The classic solution is to use a big driver - 12 or 15-inch - and cross over somewhere between 200 and 500 Hz. This relieves the mid drivers of needing to move any distance, dramatically reducing IM distortion, and lets the big driver do the real air moving.
All very good - in principle. Just select a nice low distortion prosound driver, do a serious job on the box construction (not trivial for a large box) or better, try a dipole construction, which should get down to 60 Hz with too much of a struggle.
But now we have a problem. How do we design the crossover, specifically the high-pass section for the mid drivers? What’s awkward about doing this passively is that large capacitors are required, in the 40 to 100uF range. This is not good. The bigger capacitors are, the worse they sound. You are not going to find a Teflon in these sizes, although I guess some old oil caps could be scrounged up. These large caps - and inductors - are reserved for the mid driver, with the tweeter having its own independent crossover, which fortunately can use much smaller (and higher-quality) parts.

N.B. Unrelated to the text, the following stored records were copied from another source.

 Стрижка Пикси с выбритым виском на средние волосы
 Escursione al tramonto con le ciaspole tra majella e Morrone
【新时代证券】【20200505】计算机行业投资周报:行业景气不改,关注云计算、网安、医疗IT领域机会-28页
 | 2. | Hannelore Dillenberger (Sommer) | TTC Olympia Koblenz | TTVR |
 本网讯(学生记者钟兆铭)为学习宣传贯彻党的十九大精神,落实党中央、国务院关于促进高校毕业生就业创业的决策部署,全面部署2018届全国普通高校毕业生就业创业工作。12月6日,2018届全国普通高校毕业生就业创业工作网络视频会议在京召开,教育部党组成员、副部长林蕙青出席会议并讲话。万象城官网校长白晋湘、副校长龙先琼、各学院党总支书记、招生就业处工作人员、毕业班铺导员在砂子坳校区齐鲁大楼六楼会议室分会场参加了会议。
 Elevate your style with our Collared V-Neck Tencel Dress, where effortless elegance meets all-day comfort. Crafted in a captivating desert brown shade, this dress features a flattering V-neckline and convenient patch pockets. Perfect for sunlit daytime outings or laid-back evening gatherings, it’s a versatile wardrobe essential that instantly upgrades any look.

This is where the active-vs-passive debate enters the picture, when the passive parts available aren’t particularly good. One point in favor of the active approach is that a crossover this low isn’t going to need any exotic equalization, which isn’t fun to do actively. Both the big woofer and the 5.5″ midbass drivers are in the piston band, which means they are intrinsically flat. This is to be expected; the big woofer is at least an octave or two away from HF breakup, and the 5.5″ midbass drivers are several octaves away from their 60Hz free-air resonance. This makes the crossover easy - you can use either a 6dB/octave (1st-order) or a low-Q 12dB/octave crossover, without any requirement for equalization. (Not true for a high-frequency crossover, where equalization is almost always needed.)
All well and good. So let’s consider an active approach, omitting the noxious large capacitor for the midrange driver. The quality amplifier can be reserved for the mid and tweeter, and a big-bruiser solid-state amp used for the prosound woofer. I’d pick a UcD or Class T amp over a generic Class AB amplifier; the new amps are less sensitive to load variation than the Class AB amplifiers, and as Gary Pimm has found, have quite low upper-harmonic distortion once you get below 500 Hz.

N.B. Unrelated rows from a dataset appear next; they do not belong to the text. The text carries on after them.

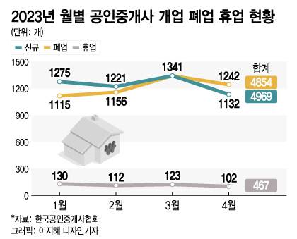 28일 한국공인중개사협회에 따르면 올해 1~4월 전국 공인중개사 사무소 휴업·폐업 수는 총 5321곳에 달한다. 새로 문을 연 사무소가 4969개인데, 문을 닫은 곳이 352개 더 많은 것이다.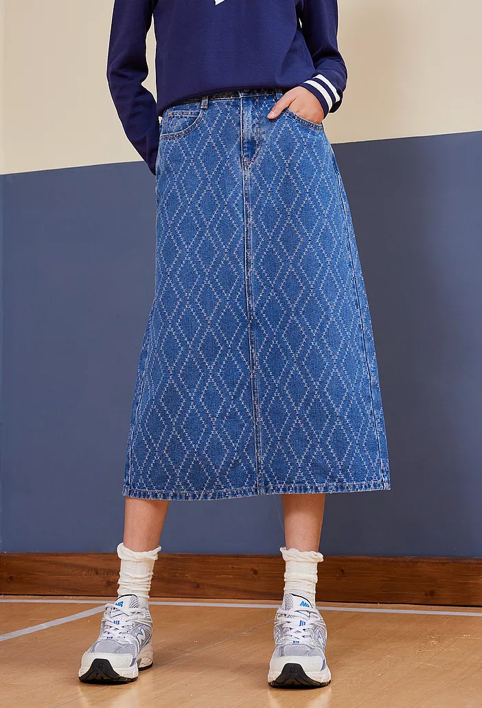 For a cozy winter look, pair this denim skirt with a chunky knit sweater and knee-high boots. For a casual vibe, opt for a fitted turtleneck and ankle boots, accessorized with a scarf or a statement belt. The versatile solid color and clean silhouette allow you to experiment with layering and seasonal accessories to create your signature style.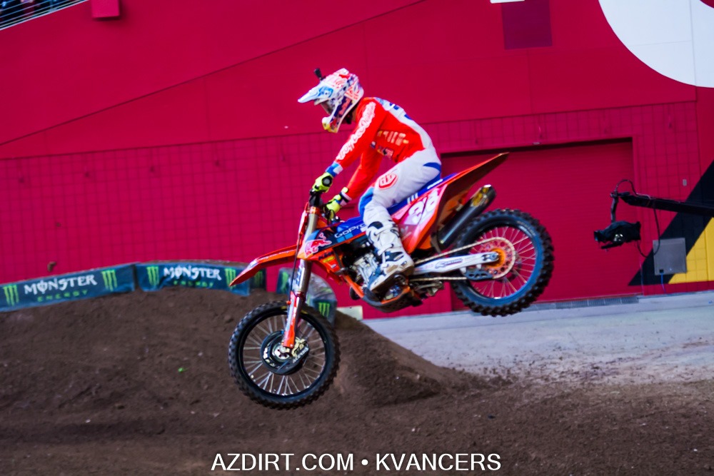The lap times are in the books and we have a couple bow outs. Jeremy Martin in the 250s and Weston Peick in the 450s crashed out. Justin Hill took the top spot in the 250s while Blake Baggett was quickest in 450s. Track is getting faster and mistakes will be costly tonight. Check out the qualifying action!
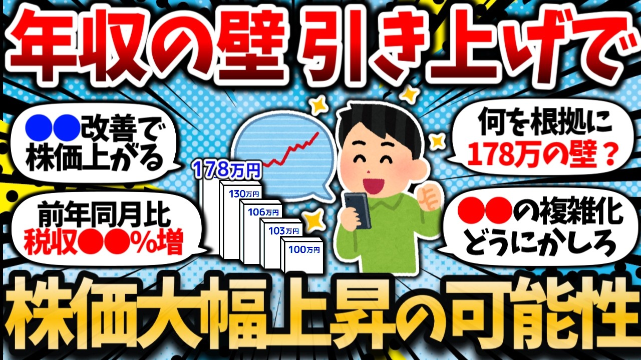 このスレでは、最近話題に挙がっている年収103万円の壁を178万円まで引き上げることを議題に、スレ民たちが様々な意見を交わし合っています。

This is starting to look good; we’ve gotten rid of some nasty parts, each amplifier is working in the frequency range where it is happiest, and there are nice overload benefits too, since amp clipping in one frequency range has no effect on the other amp.
But how to do the crossover? Don’t buy an off-the-shelf crossover - to be real blunt, these things are junk, even at very high price points. You certainly don’t want cheesy 25-year-old opamps (5532 family) that run in Class AB (almost all opamps do, new or old).
You also don’t want an incompetently engineered vacuum-tube crossover that runs 12AX7’s at miniscule currents and into plate or cathode loads that cause gross distortion. Unfortunately, I’ve described just about all the crossovers you can buy in the commercial market. (Yo, John, you hearing this? There’s a gap in the market!)
The all-transformer coupled amps I’ve been designing don’t lend themselves to cap-coupling, making it a bit awkward to use the power amps themselves as part of the crossover. Yes, there is the parallel-feed transformer-coupled approach, but one of the dirty little secrets of parafeed is if you make the cap too small, you get a nasty - and quite large - LF resonance. In the real world, parafeed caps are typically 2 to 5uF, not the little bitty 0.047uF Teflon we’d like to use for the highpass part of the circuit.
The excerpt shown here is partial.